The project begins in the early aftermath of such a stumble, with “Broken Heart Thing (feat. Dustin Lynch)” expressing the unsteady footing a breakup always brings. Matching a soothing acoustic melody with quiet desperation and a one-two punch of vocal reverb, a pair of wounded hearts struggle to move on after everything has changed – forced to mask their feelings of uncertain grief. 

From there Merlo’s story progresses through the stages of romantic recovery, with slow burning tracks like “Bar Fight,” depicting a knock-down drag-out battle between the head and heart.

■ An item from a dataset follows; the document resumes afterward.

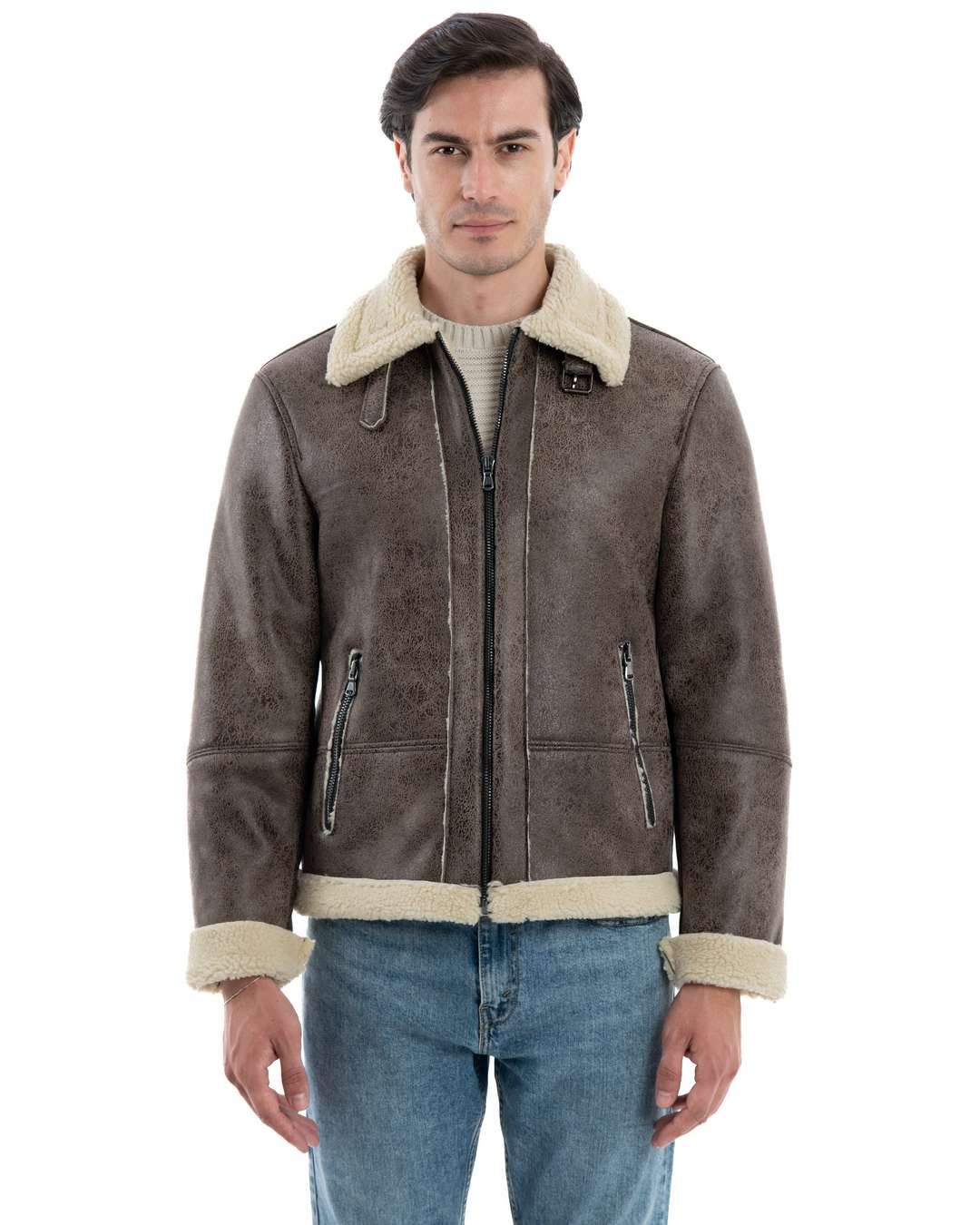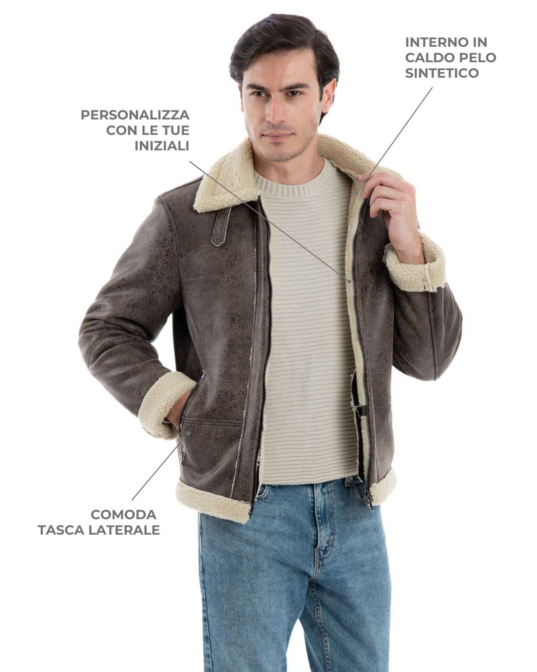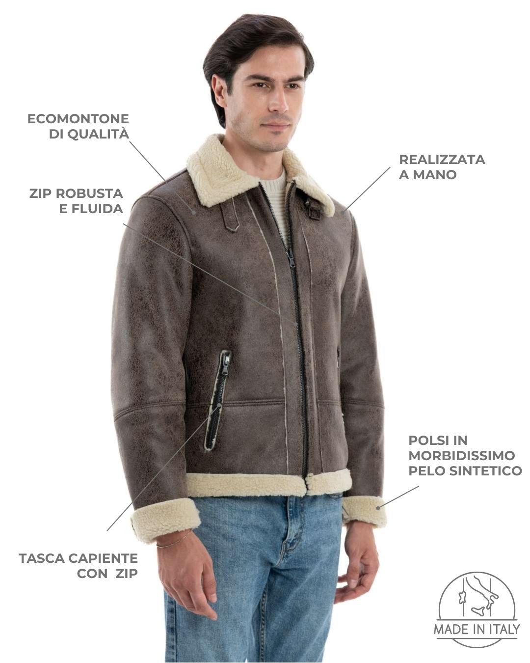 Bomber da Uomo Marrone Shearling Style – Modello AVIATORE

Her tender vocal and sweeping sonics capture a soul torn between giving in and going back or staying strong (but lonely). Likewise, the cinematic power ballad “Same Car” captures the paralyzing shock of returning to the scene of so much love, after the engine driving it has broken down for good. In “Middle of the Bed,” the last shred of post-leaving doubt seems to hit at the worst possible moment.

Written early in the project process, that striking roots-pop stunner writhes and aches with restless energy – an anthemic breakup banger lost in the pain of a midnight memory. A credit to Merlo’s skill in capturing emotional turmoil, her confidence falls like the waterfall vocal of the track’s chorus hook. 

“It’s like, ‘Okay, this breakup is the right thing to do. I feel good about this. I feel strong about this decision,’” she describes. ”And then in the middle of the night, your subconscious is reaching for this person still. It’s just these really intricate, zoomed-in moments and complexities of going through a heartbreak, but ultimately you have to know you’re on the path to something better.”

The tide finally turns in the empowering, country-pop singalong, “Good Grief” – a bridge to healing built on the rock-solid faith that everything happens for a reason. And with the EP-ending “ONE HOUSE DOWN (from the girl next door),” Merlo finds her hidden inner strength.

A big-picture anthem of self-appreciation, wrapped in the comfort of a ‘90s-country throwback, upbeat country rock collides with soaring vocal energy and “a quintessential Keith Urban guitar solo,” as an everyday girl learns to embrace who she is. One who’s worthy of her dreams in love and in life, even without being Instagram-perfect. Merlo took a bold chance in asking Urban to take part, and says his contribution only confirms her message: the world needs all kinds of people, so be bold and be proud.

“I remember feeling all of these emotions and trying to navigate through them, and now I’m really passionate about writing powerful characters,” she explains. “I want young girls – and maybe my future daughter one day – to hear these songs and be like, ‘She was strong. She made mistakes and she messed up, but she tried her best, and loved herself through it.’”

“At the end of the day, if they feel like they are one house down from the girl next door and not enough, I hope this EP can feel really honest,” she goes on. “I hope it makes people feel heard, seen and understood.”